Every line in the data below that has the word "Mittagspause" should be returned.

--- Available data ---

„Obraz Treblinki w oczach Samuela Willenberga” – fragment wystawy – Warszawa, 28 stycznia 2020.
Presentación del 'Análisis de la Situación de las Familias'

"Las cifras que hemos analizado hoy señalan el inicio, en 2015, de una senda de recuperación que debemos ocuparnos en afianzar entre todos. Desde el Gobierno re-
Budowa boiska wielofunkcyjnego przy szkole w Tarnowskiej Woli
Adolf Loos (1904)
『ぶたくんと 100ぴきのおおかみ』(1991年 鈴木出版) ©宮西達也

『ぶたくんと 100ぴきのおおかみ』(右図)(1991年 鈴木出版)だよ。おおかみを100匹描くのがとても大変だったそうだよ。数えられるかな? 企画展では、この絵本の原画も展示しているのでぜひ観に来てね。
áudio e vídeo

---
--- Available data ---

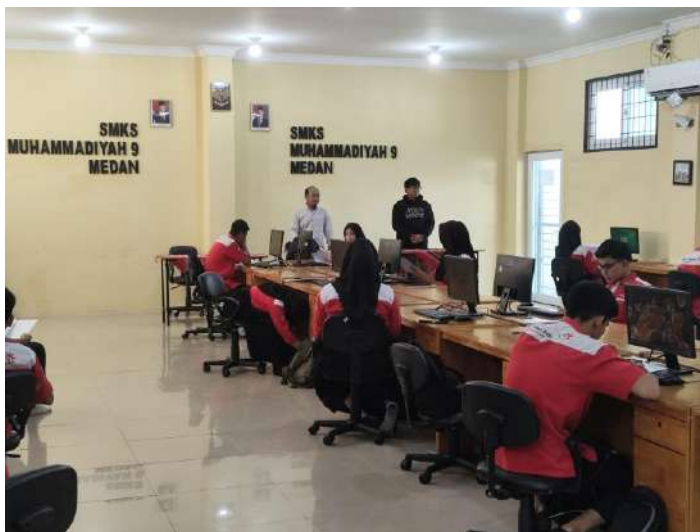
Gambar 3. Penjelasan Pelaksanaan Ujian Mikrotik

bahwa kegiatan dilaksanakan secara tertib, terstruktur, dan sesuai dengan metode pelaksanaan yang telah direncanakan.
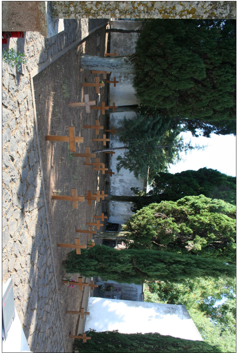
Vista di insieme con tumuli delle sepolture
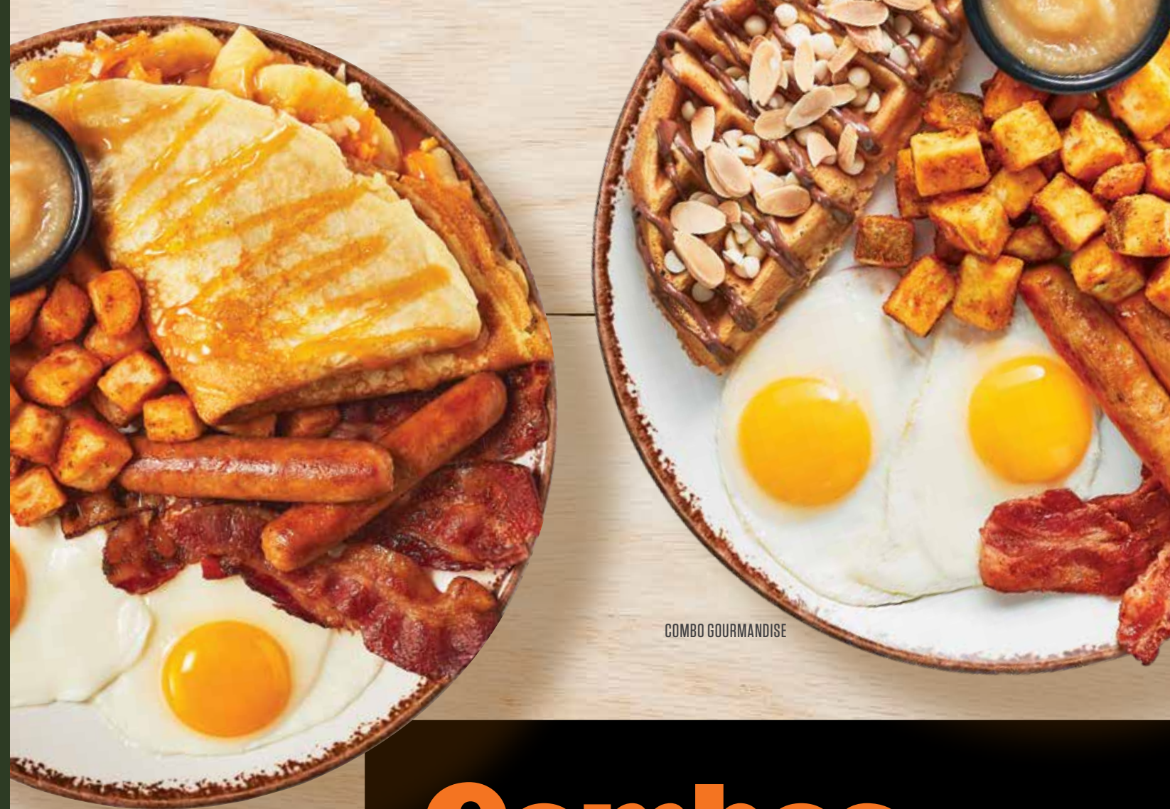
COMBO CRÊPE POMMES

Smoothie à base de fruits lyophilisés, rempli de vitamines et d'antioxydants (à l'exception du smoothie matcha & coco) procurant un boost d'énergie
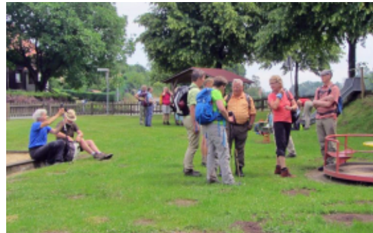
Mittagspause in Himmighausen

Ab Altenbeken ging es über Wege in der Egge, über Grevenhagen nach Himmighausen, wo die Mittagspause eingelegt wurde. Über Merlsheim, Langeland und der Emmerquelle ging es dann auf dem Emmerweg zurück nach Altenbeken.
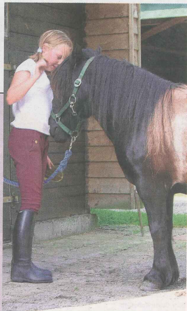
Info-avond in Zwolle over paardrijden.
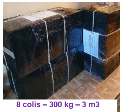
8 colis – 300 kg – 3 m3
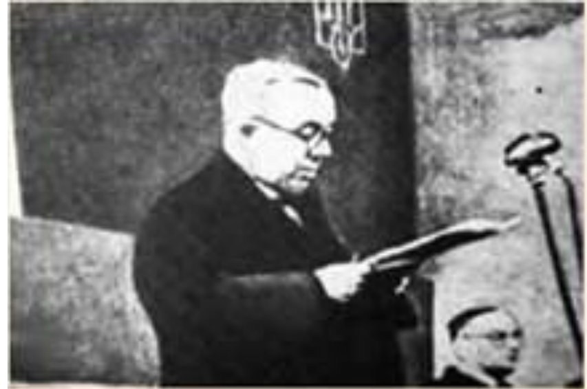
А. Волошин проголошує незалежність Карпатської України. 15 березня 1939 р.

---
--- Available data ---

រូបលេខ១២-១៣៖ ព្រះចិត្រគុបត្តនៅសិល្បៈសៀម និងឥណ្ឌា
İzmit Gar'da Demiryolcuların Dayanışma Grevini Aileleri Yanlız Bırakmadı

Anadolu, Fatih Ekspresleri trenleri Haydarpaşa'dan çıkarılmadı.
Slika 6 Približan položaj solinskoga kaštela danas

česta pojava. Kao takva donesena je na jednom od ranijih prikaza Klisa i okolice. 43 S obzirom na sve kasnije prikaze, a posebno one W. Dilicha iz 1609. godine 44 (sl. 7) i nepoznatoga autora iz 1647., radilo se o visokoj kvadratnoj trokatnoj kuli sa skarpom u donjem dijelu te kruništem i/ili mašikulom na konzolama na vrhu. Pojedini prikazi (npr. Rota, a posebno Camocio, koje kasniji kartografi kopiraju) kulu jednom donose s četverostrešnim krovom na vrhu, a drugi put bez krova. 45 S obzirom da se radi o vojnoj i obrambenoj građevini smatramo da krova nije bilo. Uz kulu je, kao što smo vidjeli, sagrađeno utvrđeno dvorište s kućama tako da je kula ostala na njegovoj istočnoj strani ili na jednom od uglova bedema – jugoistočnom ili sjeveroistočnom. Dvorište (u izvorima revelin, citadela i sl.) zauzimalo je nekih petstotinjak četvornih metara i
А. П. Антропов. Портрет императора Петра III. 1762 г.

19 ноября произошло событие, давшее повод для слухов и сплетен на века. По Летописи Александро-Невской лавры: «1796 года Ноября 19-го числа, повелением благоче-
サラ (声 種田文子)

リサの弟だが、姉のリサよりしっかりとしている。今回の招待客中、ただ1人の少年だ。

---

**Output:**
Mittagspause in Himmighausen
Ab Altenbeken ging es über Wege in der Egge, über Grevenhagen nach Himmighausen, wo die Mittagspause eingelegt wurde. Über Merlsheim, Langeland und der Emmerquelle ging es dann auf dem Emmerweg zurück nach Altenbeken.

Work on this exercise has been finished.